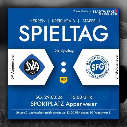 Am heutigen Ostersamstag geht es für unseren SV Appenweier auswärts zum SC Sand. Die Gastgeber stehen aktuell mit 37 Punkten auf dem zweiten Tabellenplatz, während unser Team mit fünf Zählern Rückstand auf Rang fünf liegt. Auf dem kleinen Kunstrasenplatz in Sand wird uns ein intensives Spiel erwarten. Um dort zu bestehen, braucht es von Beginn an volle Einsatzbereitschaft: Zweikämpfe gewinnen, als Team geschlossen auftreten und vor allem den unbedingten Willen zeigen, etwas Zählbares mit nach Appenweier zu nehmen. Das Spiel der zweiten Mannschaft wurde abgesagt, da der SV Sand derzeit keine Mannschaft stellen kann. Umso wichtiger ist es, dass wir heute zusammenstehen: Kommt um 16:00 Uhr nach Sand und unterstützt unsere Mannschaft lautstark! Der heutige Spieltag wird präsentiert von Stadtwerke Oberkirch GmbH
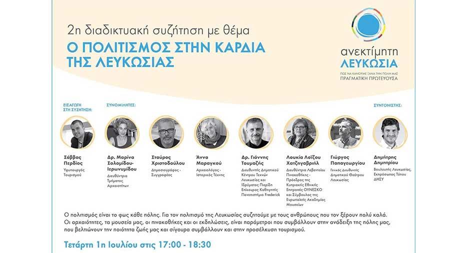 H πρωτοβουλία «Ανεκτίμητη Λευκωσία» διοργανώνει την 2η διαδικτυακή συνάντηση με θέμα «Ο πολιτισμός στην Καρδιά της Λευκωσίας», την Τετάρτη 1η Ιουλίου στις 17:00. Η πρωτοβουλία, που στόχο έχει να ενισχύσει τις προσπάθειες για να κάνουμε ξανά την πόλη μας πραγματική Πρωτεύουσα, συνεχίζει τις διαδικτυακές συναντήσεις αγγίζοντας ένα ζήτημα που έχει να κάνει με την ανάδειξη της ιστορίας μας και του πολιτισμού της πόλης μας. Πως ενισχύουμε τη Λευκωσία μέσα από τις αρχαιότητες, την ιστορία μας και τις πολιτιστικές εκδηλώσεις; Πως βελτιώνουν την ποιότητα της ζωής μας και πως ενισχύουν τον τουρισμό στην πρωτεύουσα.
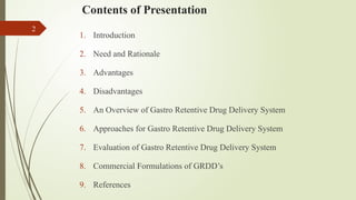 The document discusses gastro retentive drug delivery systems (GRDDS), which aim to prolong the retention time of oral drug formulations in the stomach to improve drug bioavailability and reduce dosing frequency. It outlines the advantages and disadvantages of GRDDS, various approaches for their development, and compares them with conventional drug delivery systems. The presentation, by Mr. Ravindra Popat Mali and Dr. Javesh Kashinath Patil, was part of the 4th International Online-Conference on Nanomaterials held in May 2023.
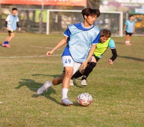 选拔赛中,有一名身穿黄色球衣的小伙子球技显得格外突出,明显高出其他人一截。他就是曾经入选过U18国家男子足球队选拔训练营的何文。
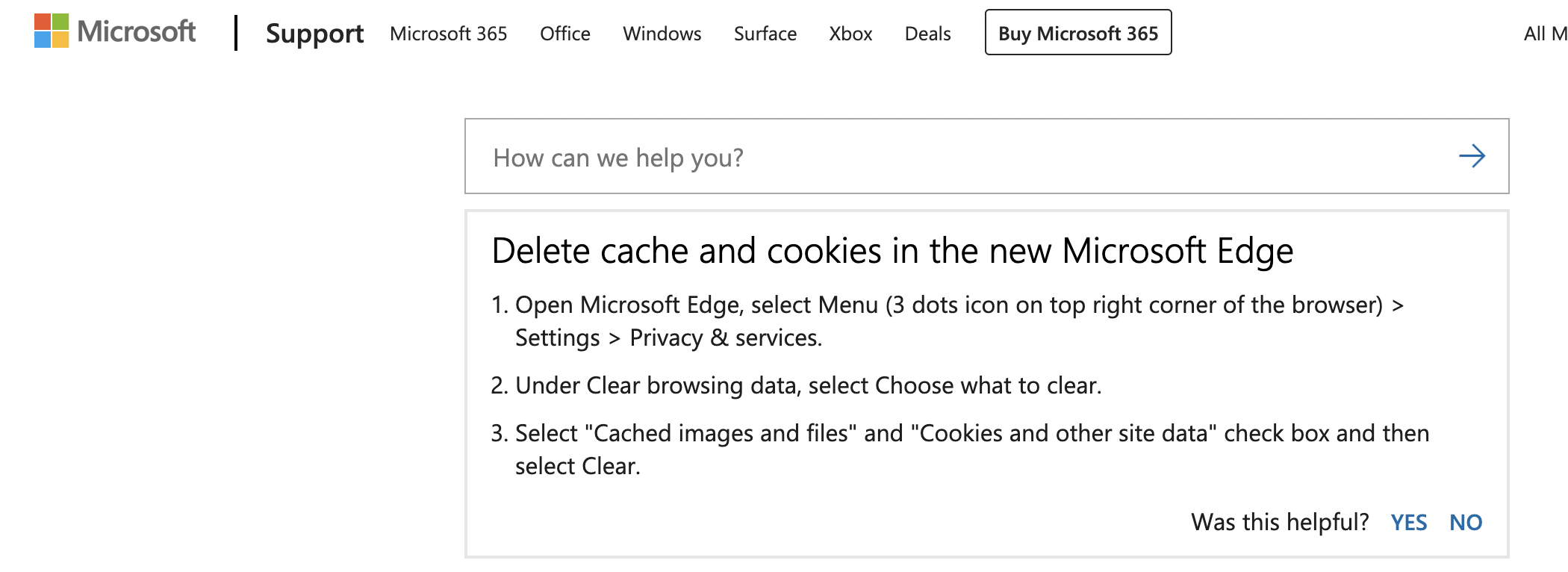 Microsoft Edge - https://support.microsoft.com/en-us/search?query=edge%20clear%20cookies%20and%20cache
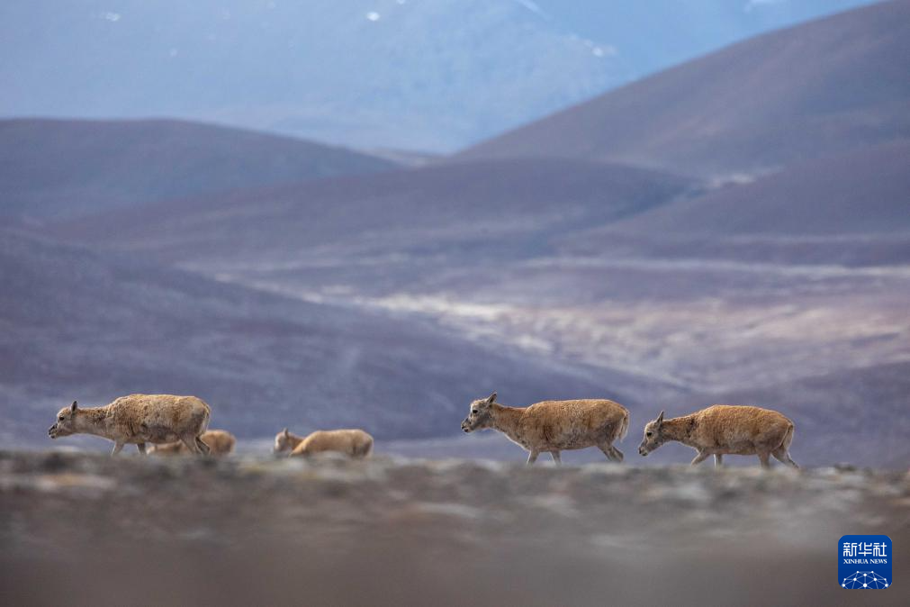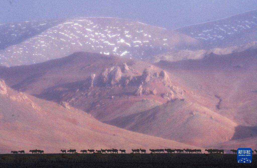 6月15日清晨在羌塘國(guó)家級(jí)自然保護(hù)區(qū)拍攝的遷徙中的母藏羚羊。新華社記者 費(fèi)茂華 攝
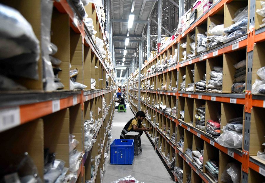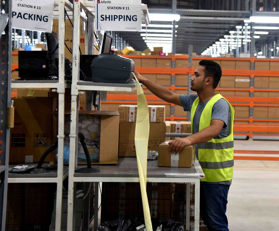 A worker works inside the warehouse of Jollychic, a popular online retailer run by a Chinese company, in the Saudi capital of Riyadh, on June 25, 2018. (Xinhua/Wang Bo)
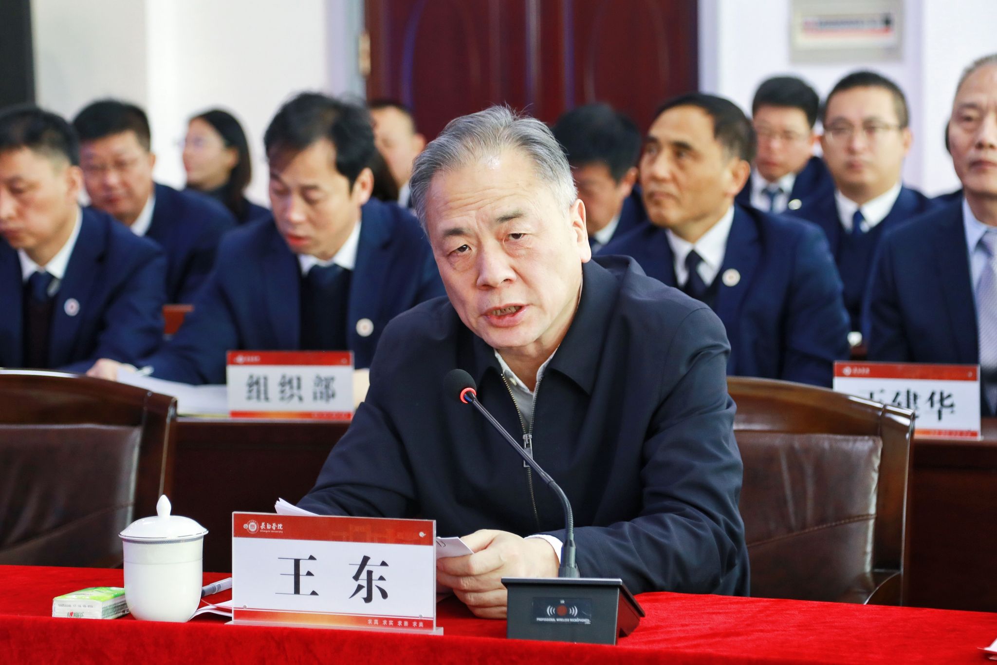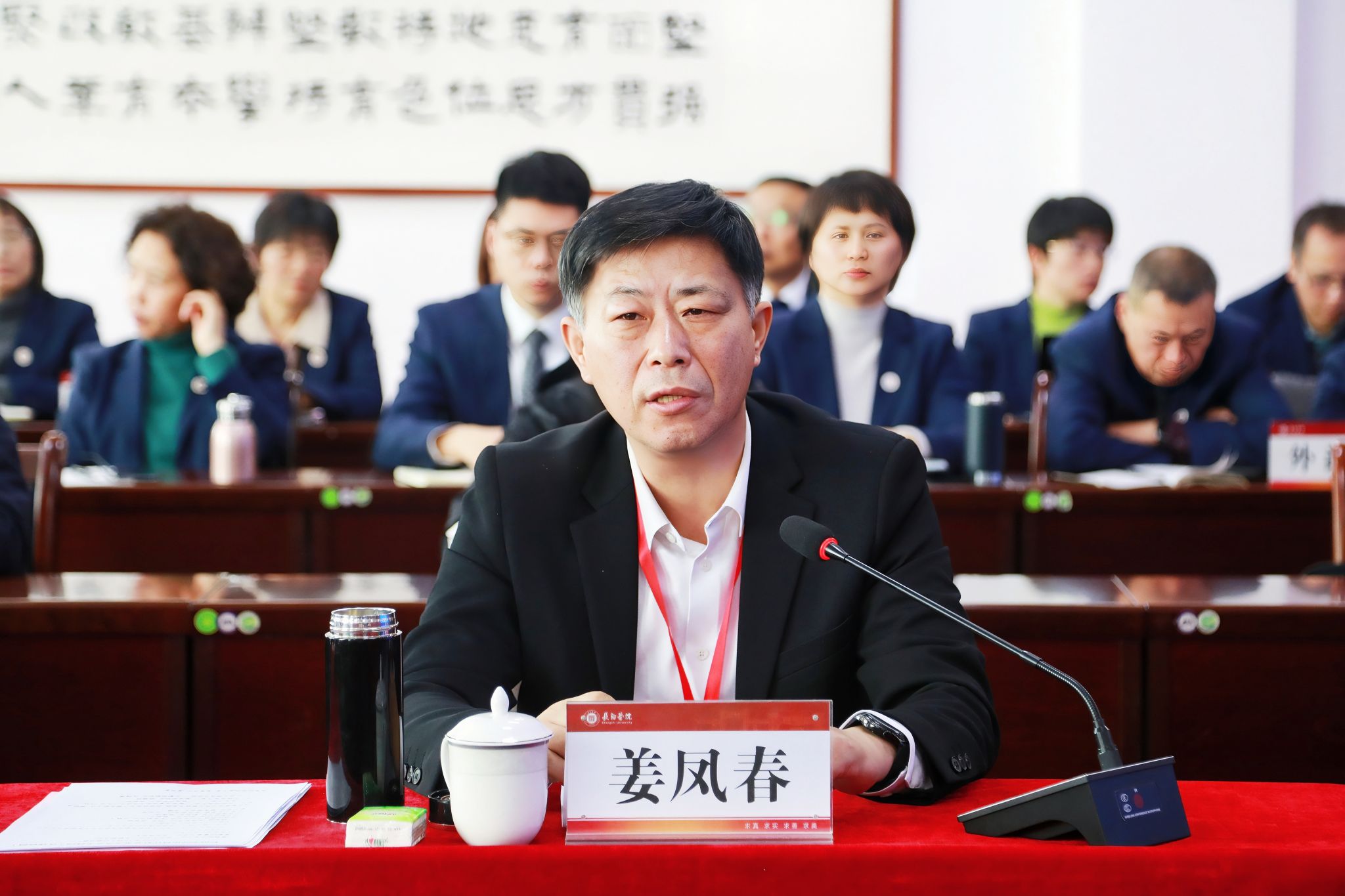 党委书记曹景川代表学校作表态发言。他代表学校全体师生,向专家组和一直以来关心支持学校发展的省教育厅和市委市政府表示诚挚感谢。他表示,学校将以高度的政治觉悟和行动自觉抓好审核评估整改工作。一是聚焦立德树人,构筑高质量育人体系。对照审核评估“五个度”标准,以太行精神培根铸魂,不断完善“三全育人”“五育并举”育人体系。二是聚力整改攻坚,筑牢可持续办学根基。对照专家组反馈意见,系统梳理短板弱项,制定整改方案,真正把审核评估结果转化为夯实办学根基、提升育人质量的扎实行动。三是聚势内涵改革,激发创新发展动力。坚持OBE教育理念,持续深化课堂教学改革,深入构建“产教融合、科教融汇”的育人新生态,切实将审核评估要求转化为深化改革、提升质量的强劲内生动力。
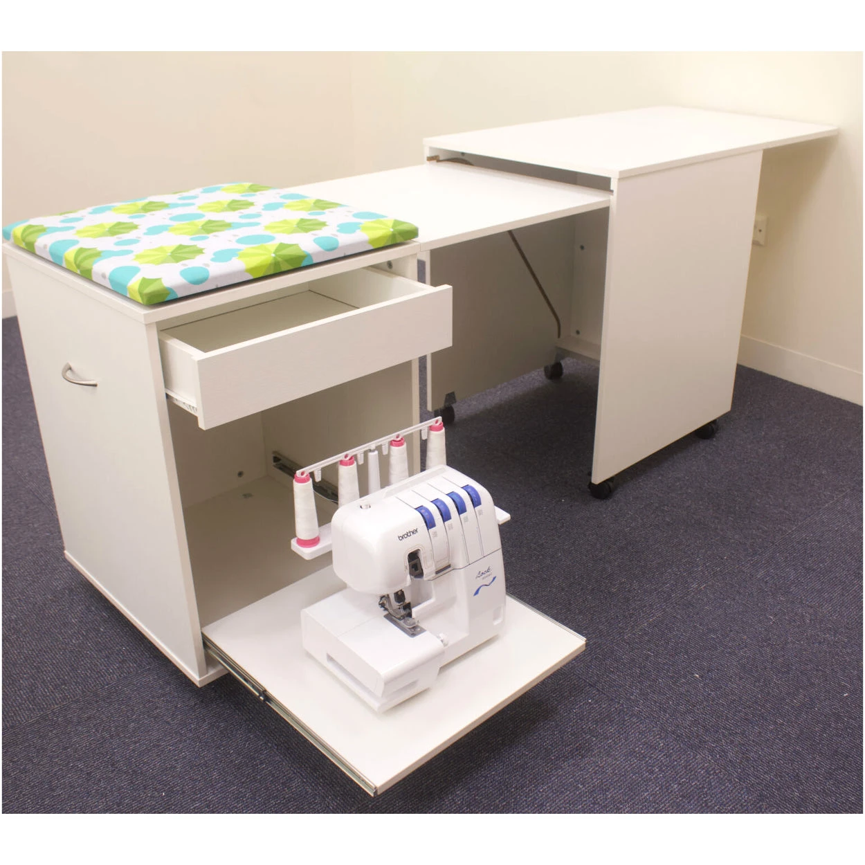 - Sliding shelf to store your Overlocker with a drawer for accessories.
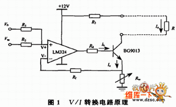 电压/电流转换即V/I转换,是将输入的电压信号转换成满足一定关系的电流信号,转换后的电流相当一个输出可调的恒流源,其输出电流应能够保持稳定而不会随负载的变化而变化。V/I转换原理如图1。
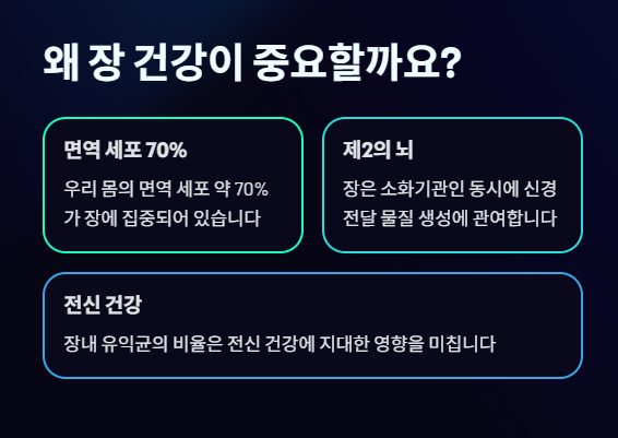 우리 몸의 면역 세포 약 70%가 장에 집중되어 있으며, 장은 소화기관인 동시에 **'제2의 뇌'**라고 불릴 만큼 신경 전달 물질 생성에 관여합니다. 따라서 장내 유익균의 비율을 높이는 프로바이오틱스 섭취는 전신 건강에 지대한 영향을 미칩니다.
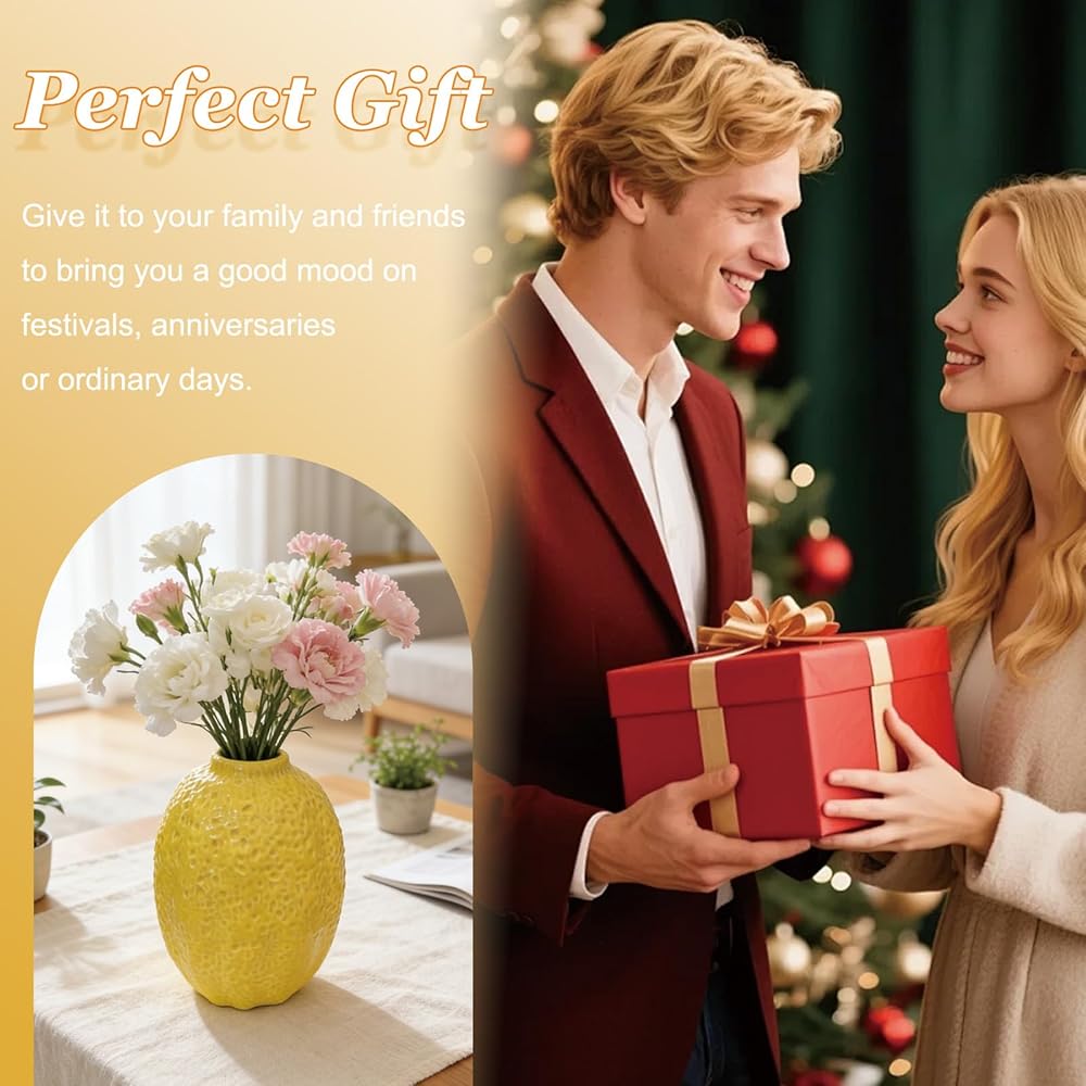 Eye-Catching Texture Enhance Any Space: The standout feature of this lemon ceramic vase is its unique textured surface adds depth and interest, while the bright hue brings energy and positivity to any room. Place this decorative flower vase in your living room, on your office table, or as part of your home accessories collection to instantly enhance the aesthetic appeal of your space

● **Work item**
Leaving each picture behind, please give again exactly the lines above from the one with "A worker works" through the one with "党委书记曹景川代表学校作表态", both included, and no others.

● **Solution**
 A worker works inside the warehouse of Jollychic, a popular online retailer run by a Chinese company, in the Saudi capital of Riyadh, on June 25, 2018. (Xinhua/Wang Bo)
 党委书记曹景川代表学校作表态发言。他代表学校全体师生,向专家组和一直以来关心支持学校发展的省教育厅和市委市政府表示诚挚感谢。他表示,学校将以高度的政治觉悟和行动自觉抓好审核评估整改工作。一是聚焦立德树人,构筑高质量育人体系。对照审核评估“五个度”标准,以太行精神培根铸魂,不断完善“三全育人”“五育并举”育人体系。二是聚力整改攻坚,筑牢可持续办学根基。对照专家组反馈意见,系统梳理短板弱项,制定整改方案,真正把审核评估结果转化为夯实办学根基、提升育人质量的扎实行动。三是聚势内涵改革,激发创新发展动力。坚持OBE教育理念,持续深化课堂教学改革,深入构建“产教融合、科教融汇”的育人新生态,切实将审核评估要求转化为深化改革、提升质量的强劲内生动力。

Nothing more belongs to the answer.